What to do when grading seems unfair
By Karen Deger McChesney, Contributing Writer
What do you do when in one high school different teachers grade students differently? For example, a smart student with a strict teacher ends up getting a B while an average student with a lenient teacher ends up getting an A. What do you do in such a case? The assistant principal is not even willing to give an appointment to talk about this problem.
Grades and reporting student learning have long been contentious issues among educators, mainly because grading scales vary widely among school districts - and often within schools. Add subjectivity, and it becomes difficult to know what a GPA really means! Although teachers try to develop grading policies that are honest and fair, their practices vary widely, even among those who teach at the same grade level within the same school. According to the Encyclopedia of Education by the Gale Group, "Grading is ultimately an exercise in professional judgement by teachers."
My first suggestion is to make sure your student completely understands the course syllabus for each class. Most high school teachers distribute a course syllabus (on the first day of class) which outlines their specific grading scale as well as the school's grading policy. Secondly, I recommend finding out more about the school's grading system. Many schools have moved to standards-based grading; some school districts are experimenting with grading systems that try to take the subjectivity out of grading by requiring every teacher to use the same criteria based on the same curriculum.
Keep in mind, in most schools grades are calculated by a computerized system, not by the teacher. A computer cannot be strict or lenient. Of course, a certain amount of subjectivity goes into grading a paper. From elementary school on, grading rubrics are the most common form of evaluation that teachers use to communicate expectations and align assignments with state curriculum standards. Ask your teen if his teachers hand out rubrics for writing assignments and projects.
I am not sure if you are defining "strict teacher" according to how he grades or manages his classroom; and, I am not sure if a group of parents have identified an overall problem in your school with the grading scale. Regardless, if your teen truly believes that a teacher is being strict or lenient and adding or subtracting from his grade (once in the computerized system), then he should talk to and question his teacher.
Bottom line, if your teen feels that a grade was unfair, incorrect, etc., it is critical that he meet with his teacher immediately. I encourage my students to question their grades, because it shows they are invested, engaged and taking complete responsibility for their performance. Your teen will undoubtedly benefit from sitting with his teacher one-on-one and walking through his grade report (on the computer screen), asking questions, getting feedback from the teacher on his highs and lows, any missing assignments, etc. For every class, students should know if the teacher:
- Grades on a curve
- Gives points for in-class participation, group work, attendance, etc.
- Makes adjustments for ranges in each class (In many schools, teachers are allowed to adjust grade ranges for their class. Many schools, for instance, add .5 to the value of an Advanced Placement (AP) class if a student takes the AP test, thus, an A would be a 4.5, a B would be a 3.5, etc.)

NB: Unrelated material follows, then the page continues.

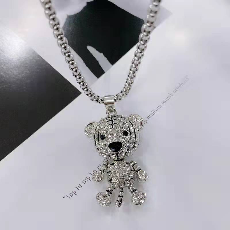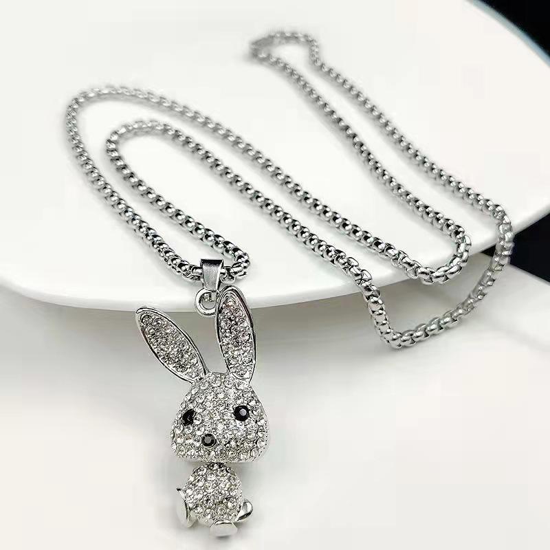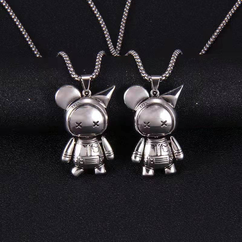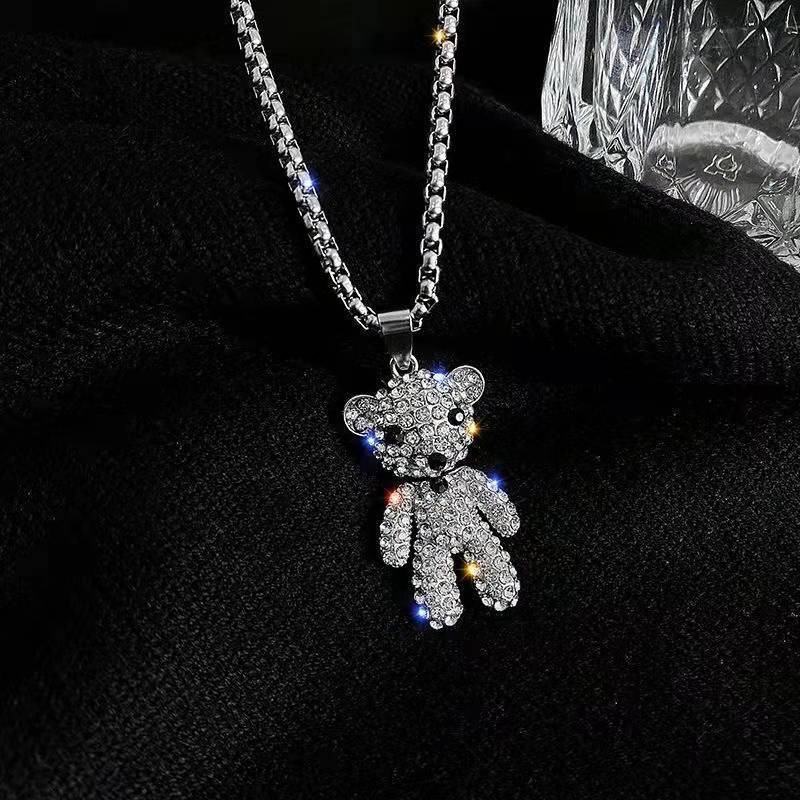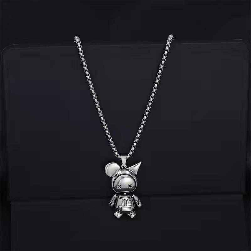 Collar de Acero de Titanio para Hombre Hip-Hop Nicho Ins Moderno Colgante de Oso Combinable Otoño e Invierno Cadena de Lana para Hombre Collar de Conejo para Mujer
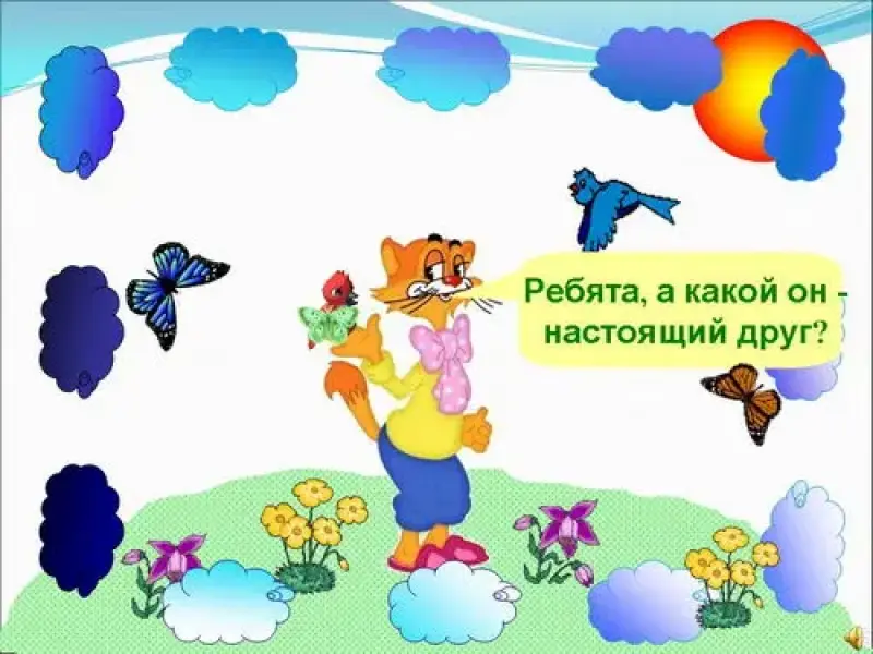Звучит песня о дружбе "Настоящий друг" (слова М. Пляцковского).

- Gives opportunities for extra credit
- Uses rubrics
- Allows students to "toss" a low test, quiz or assignment
- Gives points for late work
Often parents discover that a teen's complaint about a specific teacher's grading may actually be indicative of other problems. For instance, I recently counseled a student who was complaining that he had the hardest chemistry teacher in the high school and "My friends all have the easy one." As I dug deeper and asked more questions, the student revealed he was struggling with reading the worksheets in chemistry class and needed extra help.
If you, as parents, continue to feel there is inequity in grading scales from teacher to teacher, I would highly recommend that you try one of the following:
- Email or call the teacher in question and request a meeting of you, your teen and the teacher.
- Email the principal and request a meeting.
- Request that the principal make a presentation at a PTA or PTO meeting about the school's grading system.
Advice from our experts is not a substitute for professional diagnosis or treatment from a health-care provider or learning expert familiar with your unique situation. We recommend consulting a qualified professional if you have concerns about your child's condition.